Authors:
Ruihui Hou、Shencheng Chen、Yongqi Fan、Lifeng Zhu、Jing Sun、Jingping Liu、Tong Ruan
Paper:
https://arxiv.org/abs/2408.10039
Introduction
Clinical diagnosis is a critical aspect of medical practice, involving a continuous and evolving process that includes primary diagnosis, differential diagnosis, and final diagnosis. However, most existing clinical diagnostic tasks are single-step processes, which do not align with the complex multi-step diagnostic procedures found in real-world clinical settings. This paper introduces a multi-step diagnostic task and annotates a clinical diagnostic dataset called MSDiagnosis. The dataset includes primary diagnosis, differential diagnosis, and final diagnosis questions. Additionally, a novel framework combining forward inference, backward inference, reflection, and refinement is proposed to enable large language models (LLMs) to self-evaluate and adjust their diagnostic results.
Related Work
Existing Diagnostic Datasets
Most existing diagnostic datasets focus on single-step processes, where a diagnosis is made directly based on the patient’s medical history, chief complaint, and examination results. Examples include:
- DDx-basic and DDx-advanced: Examination papers focusing on multiple-choice questions (MCQA).

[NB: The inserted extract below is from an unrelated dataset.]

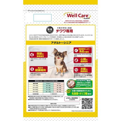 国産の鶏肉を主原料とした犬種別フードチワワの気になる所に特化した犬種別フード使用方法・給与方法:●アダルト 体重(1~1.5kg):35~45g、体重(2~2.5kg):55~65g、体重(3~3.5kg):75~85g、体重(4~4.5kg):95~100g ●シニア 体重(1~1.5kg):30~40g、体重(2~2.5kg):45~55g、体重(3~3.5kg):65~75g、体重(4~4.5kg):85~90g 給与回数:1~2回に分けてお与えください。

- CMExam: Medical examination dataset with multiple tasks, including diagnosis.
- AgentClinic-MedQA: Combines GPT-4 with MedQA for open-ended questions.
- medikal: An open QA dataset sourced from medical websites.
- CMB-Clin: Based on medical textbooks.
- RJUA-QA: Synthetic dataset for open QA.
These datasets do not capture the multi-step diagnostic process typically used in clinical practice.
Multi-Step Diagnostic Process
The multi-step diagnostic process involves generating a primary diagnosis based on the patient’s medical history, chief complaint, and other relevant information. A differential diagnosis is then made to narrow down the possible diseases. Finally, the final diagnosis is determined by combining the hospital course, primary diagnosis, and differential diagnosis.
Research Methodology
Proposed Framework
The proposed framework consists of two main stages:
- Forward Inference: This stage involves diagnosing the patient using LLMs and similar in-context learning (ICL) examples. The LLM is guided by similar EMRs to make accurate diagnoses.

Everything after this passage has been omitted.